TASK BRIEF
Each entry is to be retyped exactly as it appears. Leave the images out.

INFORMATION SUPPLIED
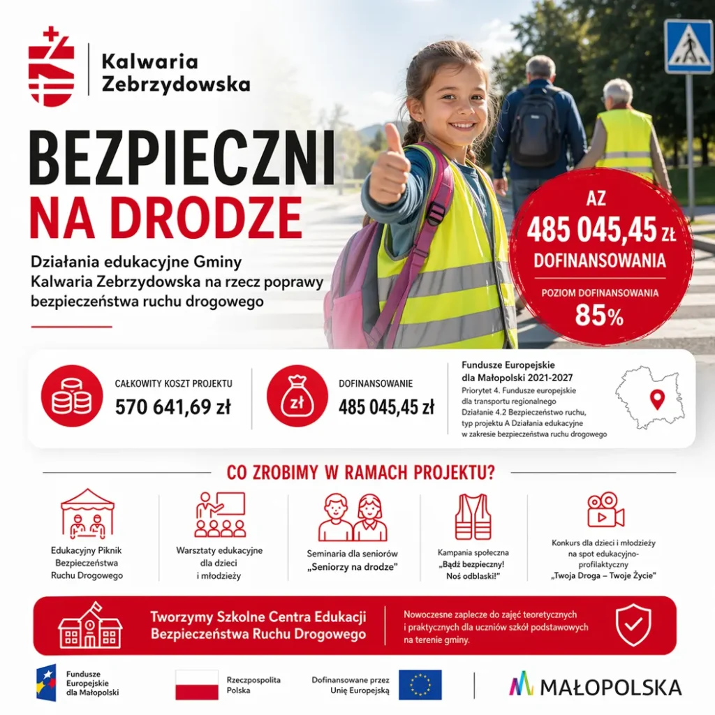 Gmina Kalwaria Zebrzydowska skutecznie sięga po środki zewnętrzne, pozyskując 485 045,45 zł dofinansowania na realizację projektu pn. „Bezpieczni na drodze” – działania edukacyjne Gminy Kalwaria Zebrzydowska na rzecz poprawy bezpieczeństwa ruchu drogowego. To aż 85% wartości całego przedsięwzięcia, które wynosi 570 641,69 zł.
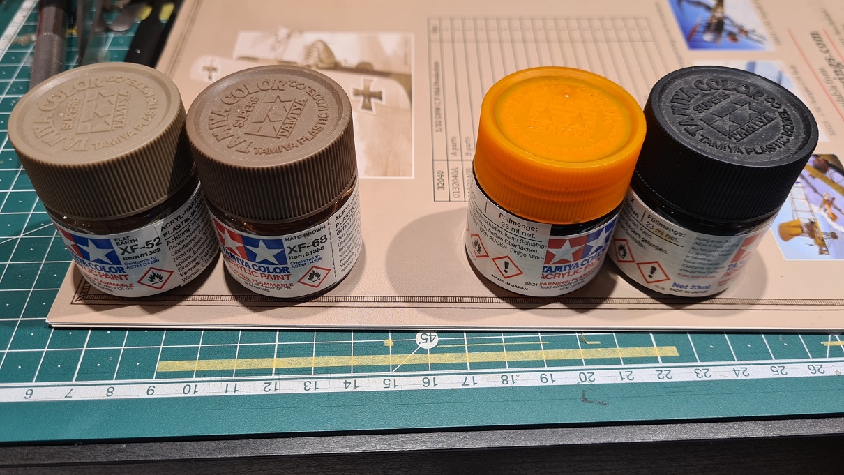 Die wurden per Pinsel nass in nass mit XF52 Flat Earth und XF68 Nato braun bemalt. Nach dem Trocknen kam eine Schicht Clear Orange etwas abgedunkelt mit schwarz drüber. Später dann noch etwas mit einem matten Lack den Glanz weggenommen.
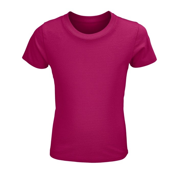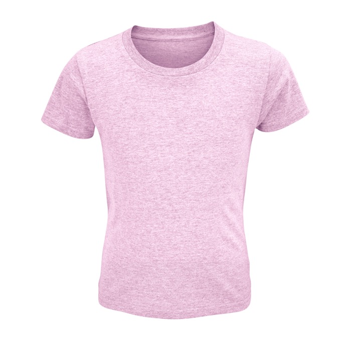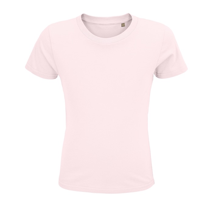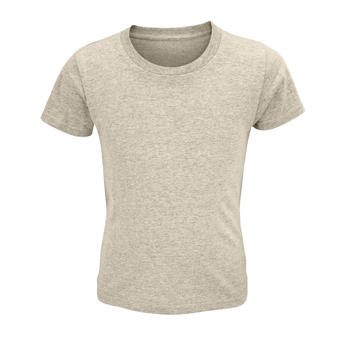 Kinder-T-shirt van 150 g/m² kant-en-klaar gebreid, 100% biologisch katoen, verrijkt met een enzymatische behandeling voor een zachter gevoel. Met een geribbelde afwerking aan de hals. Duurzaam geproduceerd.
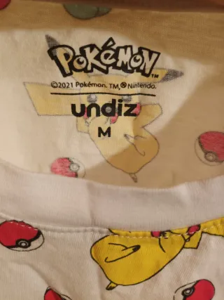 Camiseta de mujer con estampado de Pokémon. - Diseño multicolor sobre fondo blanco. - Personajes de Pokémon icónicos. - Cuello redondo y manga corta.
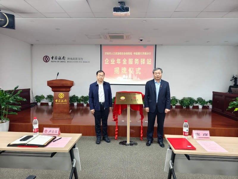 10月10日,由市人力资源社会保障局、中国银行济南分行共同举办的“济南人社企业年金中行服务驿站”揭牌仪式在中国银行济南高新支行举行。市人力资源社会保障局党组成员,市社会保险事业中心党组书记、主任张彦,中国银行济南分行党委委员、副行长卢士玉参加活动并致辞。
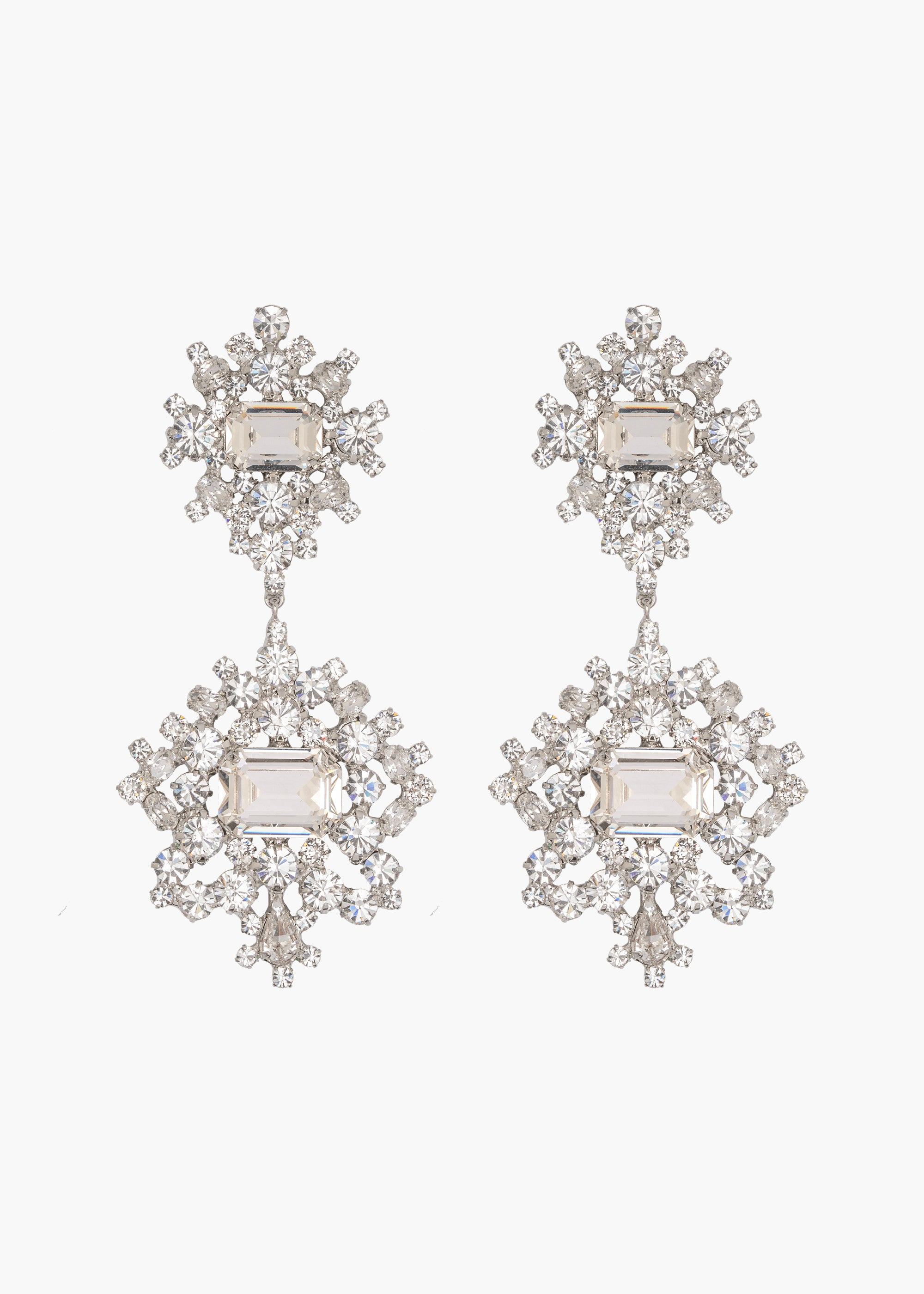 A true objet d'art, the Angelica Earrings boast a museum-worthy sculptural design. Fine crystals form a delicate web, centering upon a radiant emerald-cut stone. Made by hand in New York, the movement of this statement earring is undeniably dramatic. Material The Angelica Earrings is a post earring with a surgical-steel post. Our earrings are nickel-free and safe for sensitive skin. These earrings are made by hand in New York, from gem-cut Czech crystals. We recommend storing earrings in their dust bag while not in use, and avoiding contact with water, perfume, hairspray, and other chemicals.
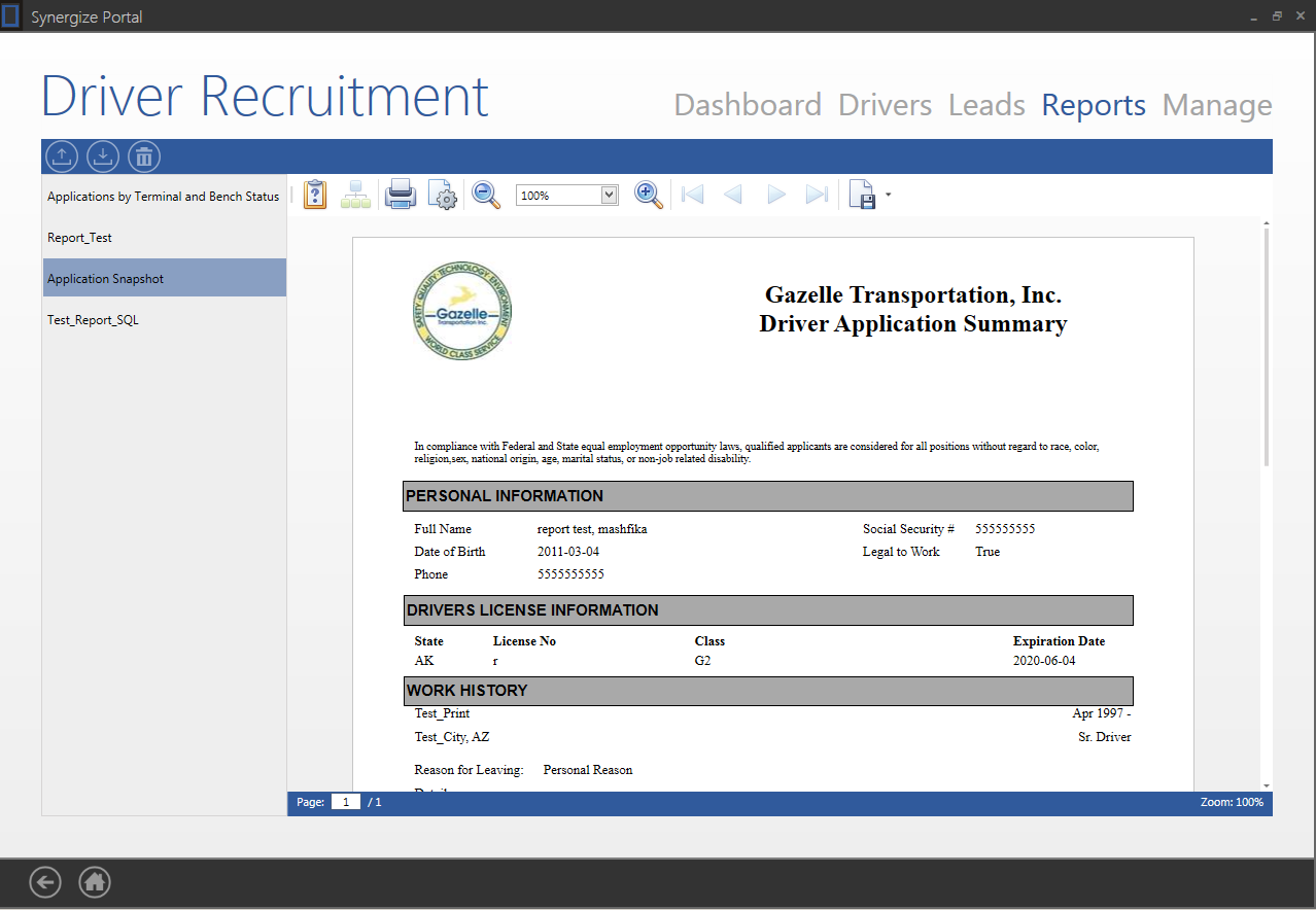 Application Summary Report: Uses a report to capture the snapshot of online application form submissions, save to Synergize and associate with the driver file.
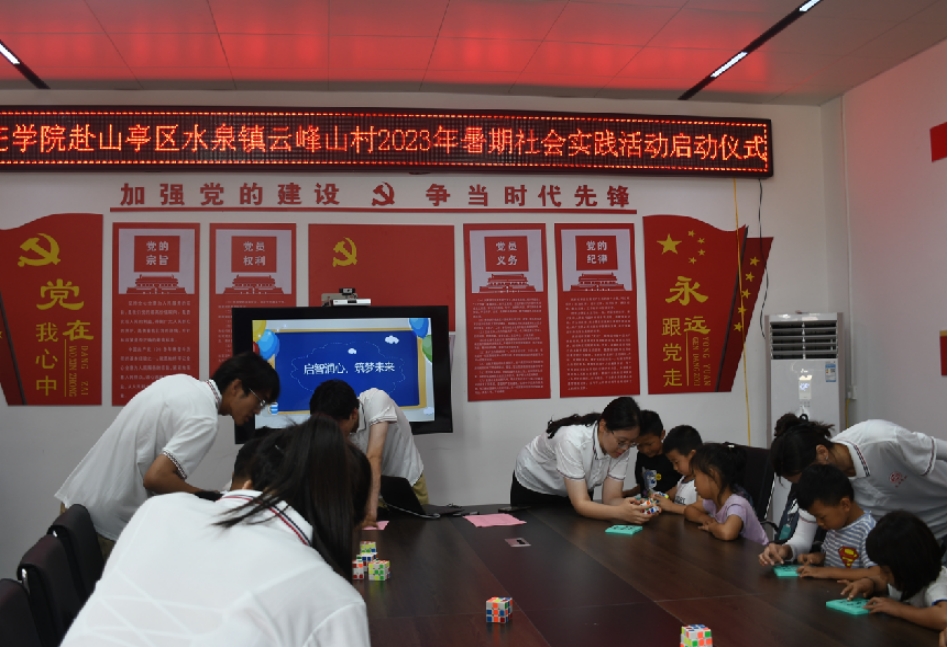 Beat365中文官方网站与云峰山村共同揭牌成立大学生社会实践基地。Beat365官网发挥数学专业优势,与云峰山村留守儿童进行课堂活动,通过魔方、数独、华容道等进行启智思维;讲述“防溺水、促消防”,在思想上筑牢防溺水、火灾防线,有效提高了他们的安全防范意识和自我保护意识;弘扬红色经典,传承红色故事,使孩子们努力成为有理想有担当能吃苦肯奋斗的新时代好青年。
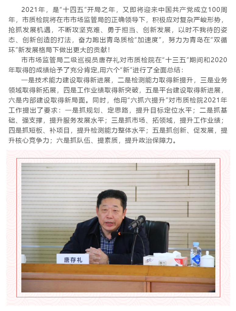 凝心聚力 克難奮進 ——青島質檢院召開2020年度總結表彰大會
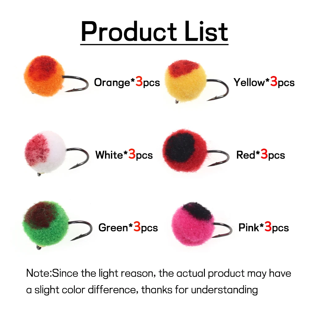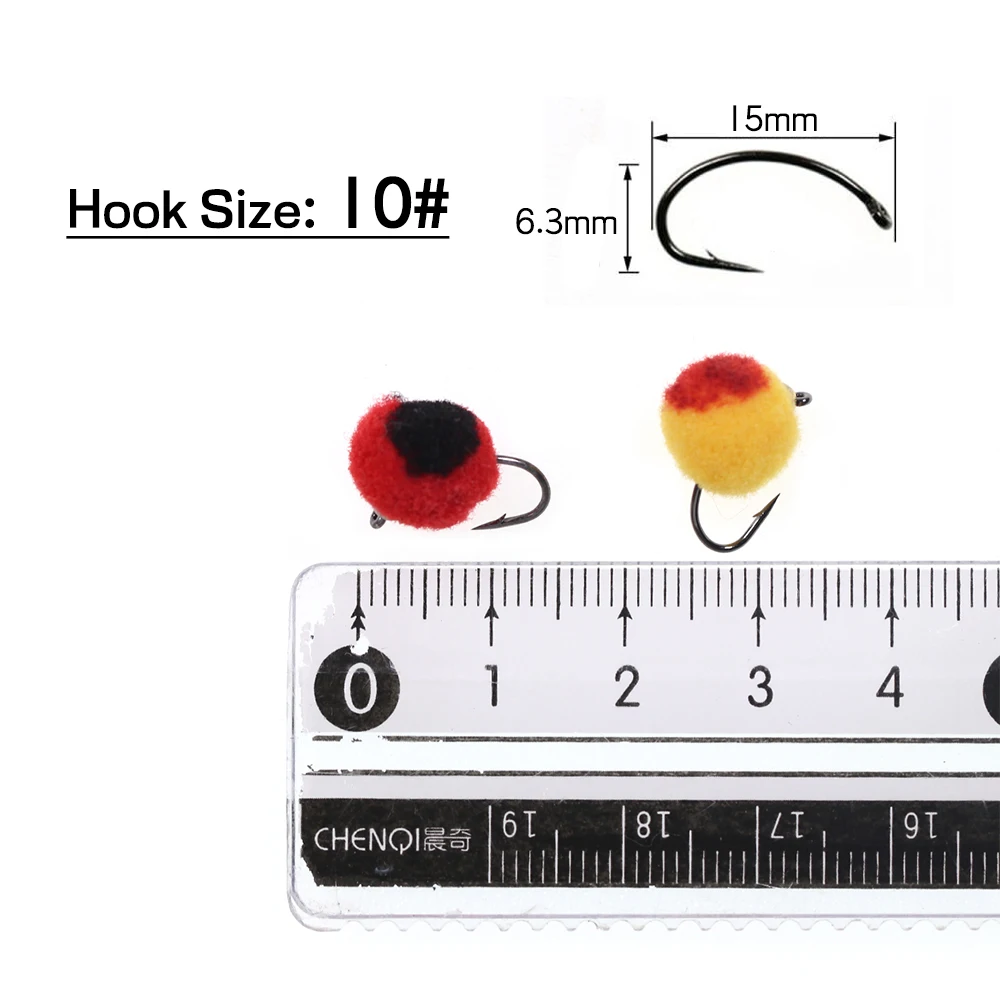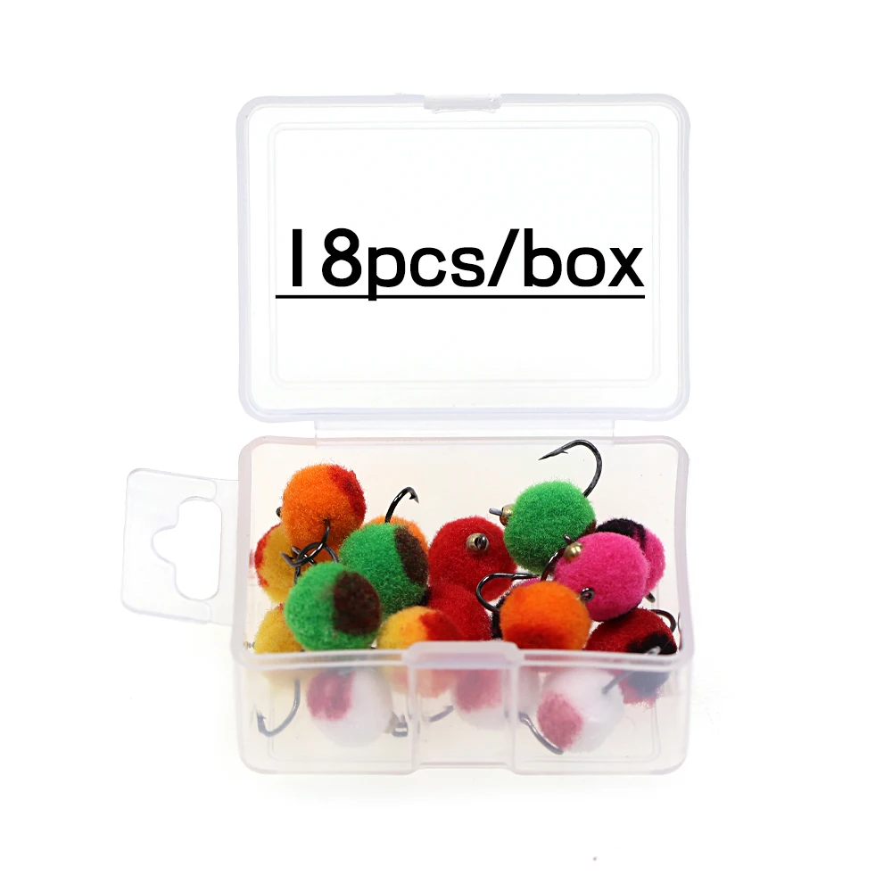 Bimoo 18 unids/caja cabeza de grano de latón de varios colores huevo mosca #10 anzuelo trucha gris salmón Cabeza de Acero señuelo de pesca

EXERCISE RESULT
 Gmina Kalwaria Zebrzydowska skutecznie sięga po środki zewnętrzne, pozyskując 485 045,45 zł dofinansowania na realizację projektu pn. „Bezpieczni na drodze” – działania edukacyjne Gminy Kalwaria Zebrzydowska na rzecz poprawy bezpieczeństwa ruchu drogowego. To aż 85% wartości całego przedsięwzięcia, które wynosi 570 641,69 zł.
 Die wurden per Pinsel nass in nass mit XF52 Flat Earth und XF68 Nato braun bemalt. Nach dem Trocknen kam eine Schicht Clear Orange etwas abgedunkelt mit schwarz drüber. Später dann noch etwas mit einem matten Lack den Glanz weggenommen.
 Kinder-T-shirt van 150 g/m² kant-en-klaar gebreid, 100% biologisch katoen, verrijkt met een enzymatische behandeling voor een zachter gevoel. Met een geribbelde afwerking aan de hals. Duurzaam geproduceerd.
 Camiseta de mujer con estampado de Pokémon. - Diseño multicolor sobre fondo blanco. - Personajes de Pokémon icónicos. - Cuello redondo y manga corta.
 10月10日,由市人力资源社会保障局、中国银行济南分行共同举办的“济南人社企业年金中行服务驿站”揭牌仪式在中国银行济南高新支行举行。市人力资源社会保障局党组成员,市社会保险事业中心党组书记、主任张彦,中国银行济南分行党委委员、副行长卢士玉参加活动并致辞。
 A true objet d'art, the Angelica Earrings boast a museum-worthy sculptural design. Fine crystals form a delicate web, centering upon a radiant emerald-cut stone. Made by hand in New York, the movement of this statement earring is undeniably dramatic. Material The Angelica Earrings is a post earring with a surgical-steel post. Our earrings are nickel-free and safe for sensitive skin. These earrings are made by hand in New York, from gem-cut Czech crystals. We recommend storing earrings in their dust bag while not in use, and avoiding contact with water, perfume, hairspray, and other chemicals.
 Application Summary Report: Uses a report to capture the snapshot of online application form submissions, save to Synergize and associate with the driver file.
 Beat365中文官方网站与云峰山村共同揭牌成立大学生社会实践基地。Beat365官网发挥数学专业优势,与云峰山村留守儿童进行课堂活动,通过魔方、数独、华容道等进行启智思维;讲述“防溺水、促消防”,在思想上筑牢防溺水、火灾防线,有效提高了他们的安全防范意识和自我保护意识;弘扬红色经典,传承红色故事,使孩子们努力成为有理想有担当能吃苦肯奋斗的新时代好青年。
 凝心聚力 克難奮進 ——青島質檢院召開2020年度總結表彰大會
 Bimoo 18 unids/caja cabeza de grano de latón de varios colores huevo mosca #10 anzuelo trucha gris salmón Cabeza de Acero señuelo de pesca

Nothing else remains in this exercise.